We next set our focus on creating the first gene knockouts in F. nucleatum subsp. nucleatum 25586, which had not been accomplished in over 40 years of studying the strain (20). To accomplish this, we produced five recombinantly expressed MTase enzymes to treat plasmid DNA in vitro, followed by transformation by electroporation. Through this method we were able to create the first clean gene deletions and complementations in F. nucleatum subsp. nucleatum 25586, with deletions in galKT, fap2, and fadA and complementation of fadA back onto the chromosome. This markerless gene deletion system can produce iterative gene deletions in a single strain, as the final gene deletions are free of antibiotic markers. We noted that all five enzymes were necessary to protect plasmid DNA for transformation into F. nucleatum subsp. nucleatum 25586; however, all MTases that we produced and used in these studies retained enzymatic activity after at least one freeze-thaw cycle (data not quantitated), making it a robust solution for researchers to implement.

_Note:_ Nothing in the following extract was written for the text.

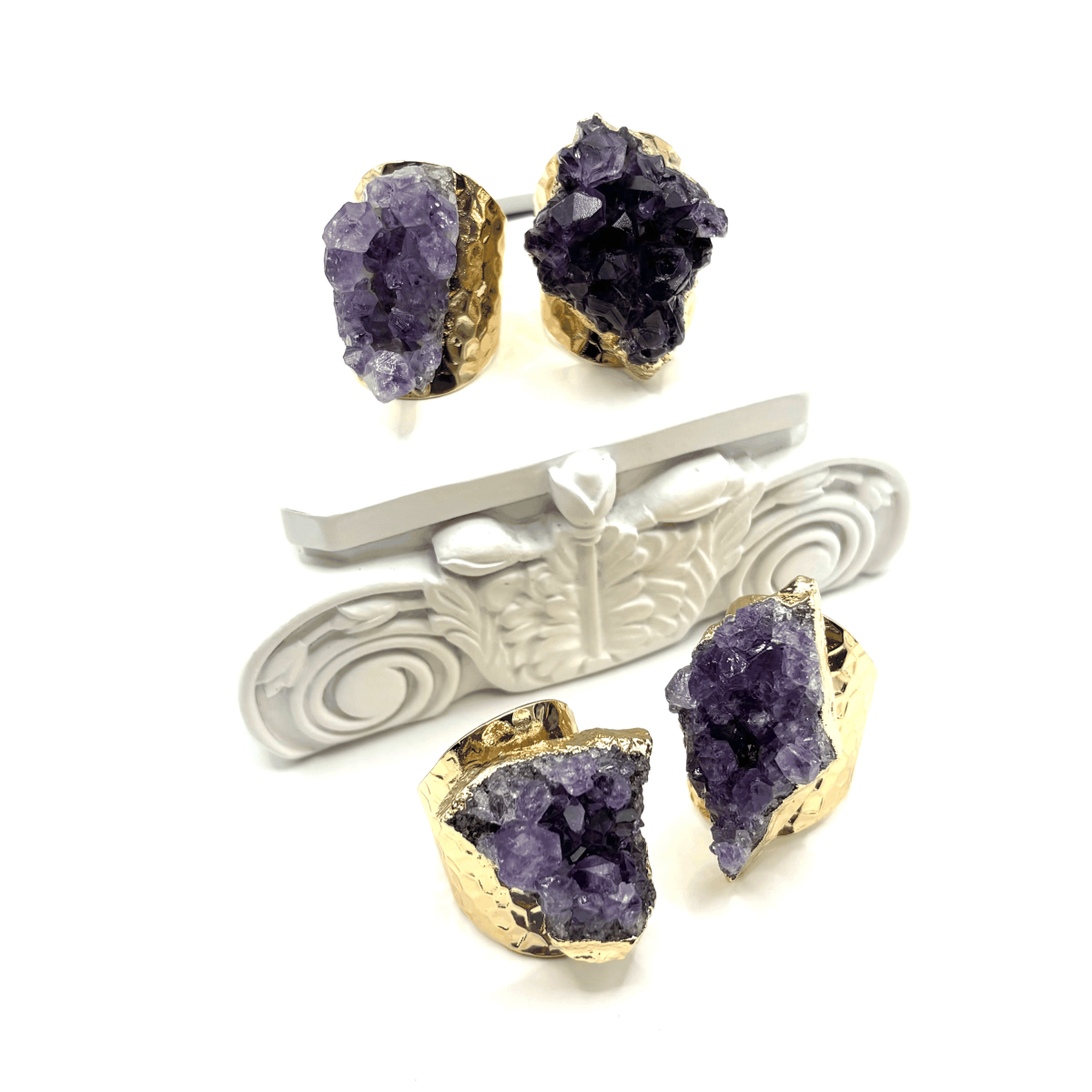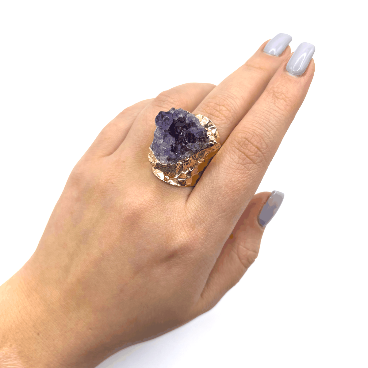Безразмерное кольцо с друзой аметиста выделяется природной красотой необработанного камня: каждая друза формирует уникальную фактуру и неповторимую форму. Глубокий аметистовый оттенок эффектно контрастирует с позолоченным бижутерным сплавом, а разъёмная основа обеспечивает удобную посадку. Яркий акцент для тех, кто выбирает индивидуальность.

We acknowledge that there are still major limitations to genetically modifying most strains of Fusobacterium because of their unique R-M compositions. Therefore, we understand that using a core combination of MTase enzymes for universal protection across multiple Fusobacterium species may not be possible, as each strain frequently has unique MTases that create a broad range of methylation patterns between strains. This has been reported before, as type II and type III R-M systems vary significantly even in evolutionarily similar strains of bacteria. Future studies using DNA methylation analysis of MTase deletion strains to identify exact methylation sequences with specific enzymes will lead to the experimental determination of methylation sites by specific enzymes. To support this claim, previous studies have shown that use of PacBio SMRTseq technology to determine the methylome of a bacterium results in the identification of specific methylation sites, which can then be used to guide the creation of syngenic DNA plasmids devoid of methylation and REase cleavage sites that are not degraded by the host (15). An additional study that used SMRTseq technology identified all DNA recognition sites and methylation patterns in multiple species of bacteria, followed by placing these sequences in a methylation cassette within a plasmid that was then incubated with purified enzymes to identify specific methylation patterns (76). Using this technique for highly recalcitrant strains of Fusobacterium would allow for the first true matching of methylation sites with F. nucleatum MTases outside of bioinformatic predictions. Finally, one advantage we believe that use of recombinant MTases has over this approach is that DNA methylation analysis and synthetic DNA-based plasmids do not need to be made for each strain, which can keep down costs. Ultimately, we believe these methods are complementary and can be used in combination to enhance the chances of genetic modification in highly recalcitrant strains of F. nucleatum.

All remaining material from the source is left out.